Search code examples
pythonpandasperiod

Pandas Period with custom duration


Reading the docs of the pandas Period objects leaves me confused as to whether it is somehow possible to create a custom Period. By custom I mean a Period that does not follow a certain frequency dtype but where each Period in a PeriodIndex represents a start timestamp and an end timestamp, that is manually defined.

To illustrate:

Lets say I have n time intervals t, where the beginning and end of each interval are samples from a discrete uniformly distributed random variable with the constraint that the beginning < end.

The result would somewhat look like this:

[(ts_start0, ts_end0), (ts_start1, ts_end1), (ts_start2, ts_end2))]

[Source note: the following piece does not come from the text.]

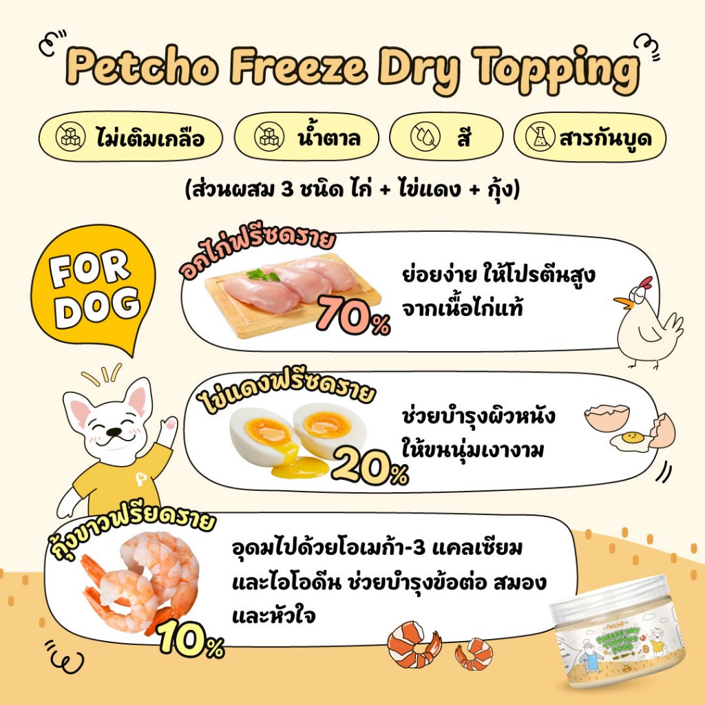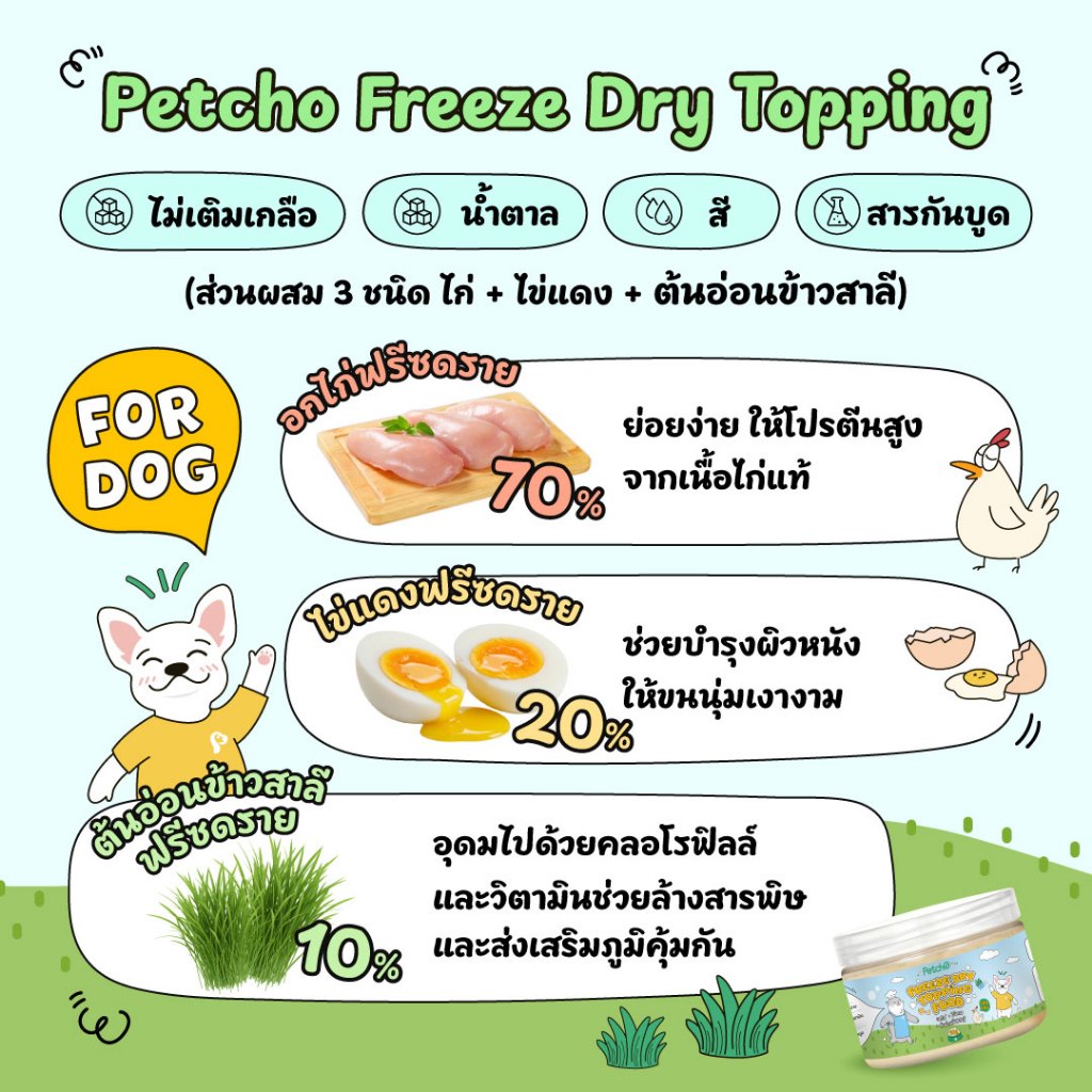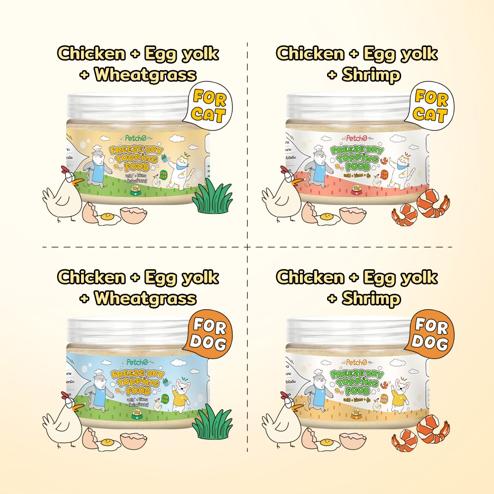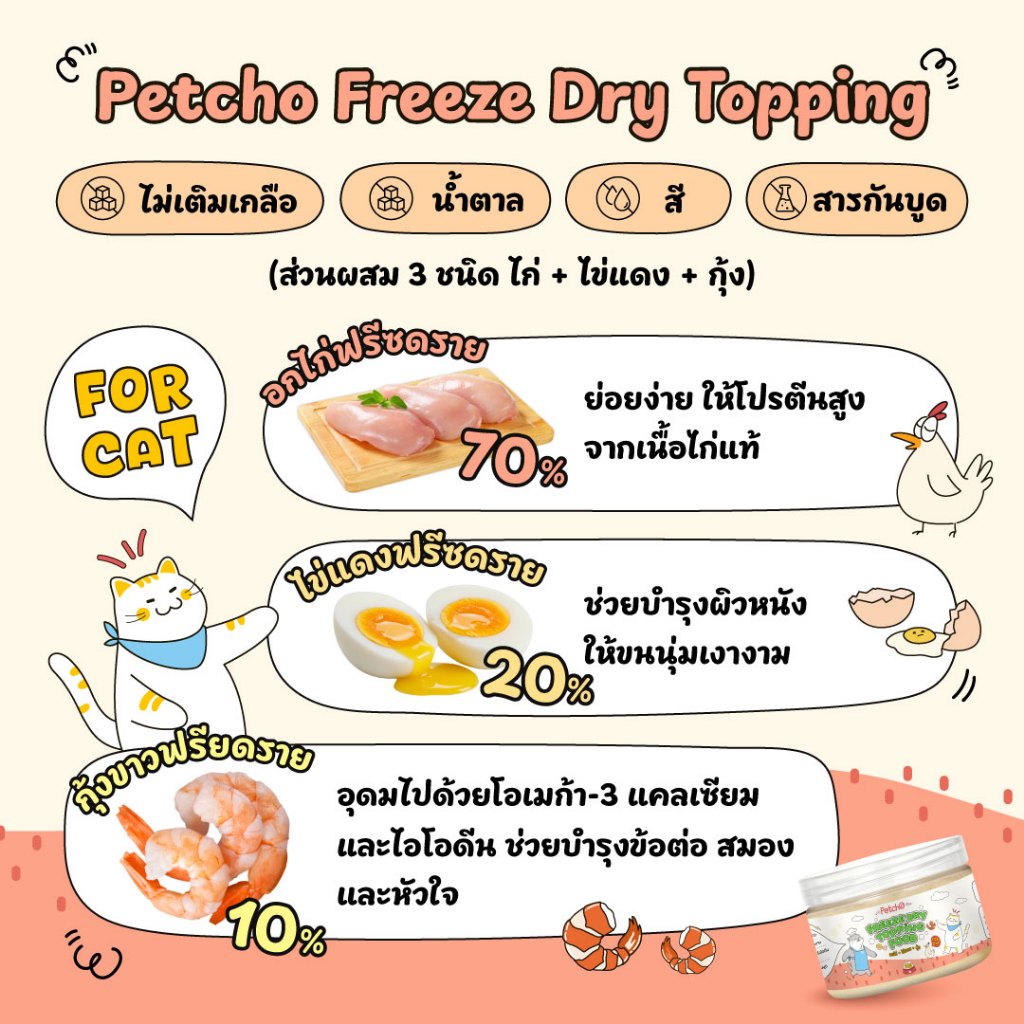 Petcho ผงโรยอาหาร กลิ่นหอม เพิ่มความอร่อย เสริมโปรตีน ผงโรยข้าวแมว ปราศจากเกลือ และสารกันบูด

Is there any way to encode such "random" intervals/ timespans/ periods with Pandas Period or something similar?


Solution

  • I think you can use IntervalIndex:

    In [18]: pd.IntervalIndex([pd.Interval(1,3), pd.Interval(4, 11), pd.Interval(13, 28)])
    Out[18]:
    IntervalIndex([(1, 3], (4, 11], (13, 28]]
                  closed='right',
                  dtype='interval[int64]')
    

    using timestamps:

    In [25]: pd.IntervalIndex([
        ...:   pd.Interval(pd.to_datetime('2018-01-01'), pd.to_datetime('2018-01-13')),
        ...:   pd.Interval(pd.to_datetime('2018-03-08'), pd.to_datetime('2018-04-29')),
        ...:   pd.Interval(pd.to_datetime('2018-05-03'), pd.to_datetime('2018-07-22'))
        ...: ])
        ...:
    Out[25]:
    IntervalIndex([(2018-01-01, 2018-01-13], (2018-03-08, 2018-04-29], (2018-05-03, 2018-07-22]]
                  closed='right',
                  dtype='interval[datetime64[ns]]')
    

    UPDATE: we can use pd.IntervalIndex.from_tuples() constructor:

    In [16]: pd.IntervalIndex.from_tuples([(1,3), (4, 11), (13, 28)], closed='right')
    Out[16]:
    IntervalIndex([(1, 3], (4, 11], (13, 28]]
                  closed='right',
                  dtype='interval[int64]')